Le Chef de l’Etat a cru devoir répondre à ces exigences en accentuant le nombre de Ministres anglophones et en leur donnant 2 Ministères de souveraineté. Il a de plus créé un Ministère de la décentralisation.
Mais la question demeure : est-ce que ces mesures sont de nature à calmer des Sécessionnistes armés, convaincus de leur bon droit et assurés d’être dans une noble opération de libération de leur territoire occupée par les « forces étrangères » ?
A maintes reprises, j’ai dit qu’une sécession se combat avec les Etats régionaux. En répondant au problème anglophone par un Ministère de la Décentralisation prétendant en plus s’occuper du développement rural, le Gouvernement pense-t-il encore maîtriser toute la situation et pouvoir gérer son temps ? Ne voit-il pas que ce terrible Mouvement, à l’instar de ses analogues, ne peut que monter en force ?
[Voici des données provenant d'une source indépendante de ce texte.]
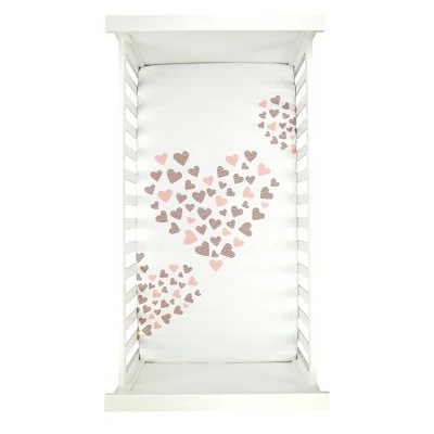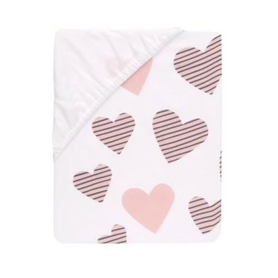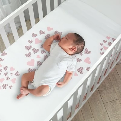 Hearts within hearts decorate this charming placement/photo ready fitted crib sheet. It is breathable and 100% cotton. It has elastic all the way around ensuring a safe and secure fit on a standard size crib mattress measuring 52 x 28β. It makes a perfect place for a photo opportunity with your little one.
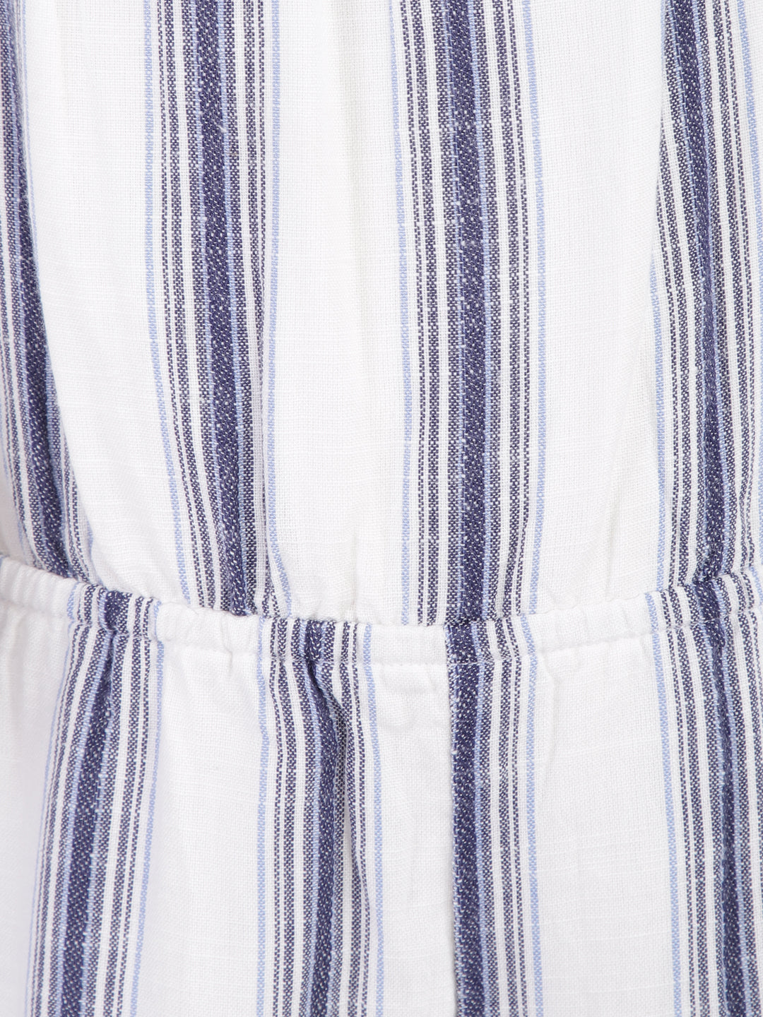 A wide striped comfortable jumpsuit is a perfect piece for daytime adventures, it s crafted from light cotton with strappy sleeves, elasticated waist and a stylish wide cut through the leg. Lined with 100% cotton.

2. La CRISE ECONOMIQUE : après 20 ans d’une terrible crise déclenchée en 1987, le pays a restauré ses équilibres macroéconomiques en 2006 à la suite des sacrifices épouvantables. Une occasion en or qui a été dilapidée au travers d’une gestion sous-préfectorale et autiste, où les décrets, les prescriptions et les instructions de la hiérarchie tenaient lieu de lois économiques. La conséquence ? Un déficit courant abyssal poussant à un endettement accéléré, une trésorerie vide et un pays sous ajustement.
Comme en politique, le Cameroun demande une réforme générale de son cadre macroéconomique. D’où la question : qu’est-ce que la permutation d’ALAMINE avec MOTAZE peut apporter de significatif dans une crise aussi profonde ?
3. Des ENGAGEMENTS INSTANTS : le Cameroun s’est embourbé de manière désordonnée dans des engagements qu’il est radicalement incapable d’assumer. Et sitôt que les salaires sont payés et les montants pour soutenir les guerres multiples décaissés, il n’y a plus rien dans le Trésor. Le pays n’est même plus capable de répondre aux exigences les plus élémentaires comme la prise en charge des enseignants recrutés il y a plus de 5 ans.
Pendant ce temps, des échéances importantes menacent, comme la CAN qui frappe à la porte, avec le risque d’une humiliante expatriation, les multiples élections, sans compter ces s investissements engagés sans cohérence, comme des gens qui n’ont pas la tête, et dont aucun n’est entièrement réalisés.
De quelque manière que j’examine le problème, je n’arrive pas à voir dans ce remaniement la moindre réponse à ces 3 terribles préoccupations.
L’avenir du Cameroun s’annonce sombre, très sombre.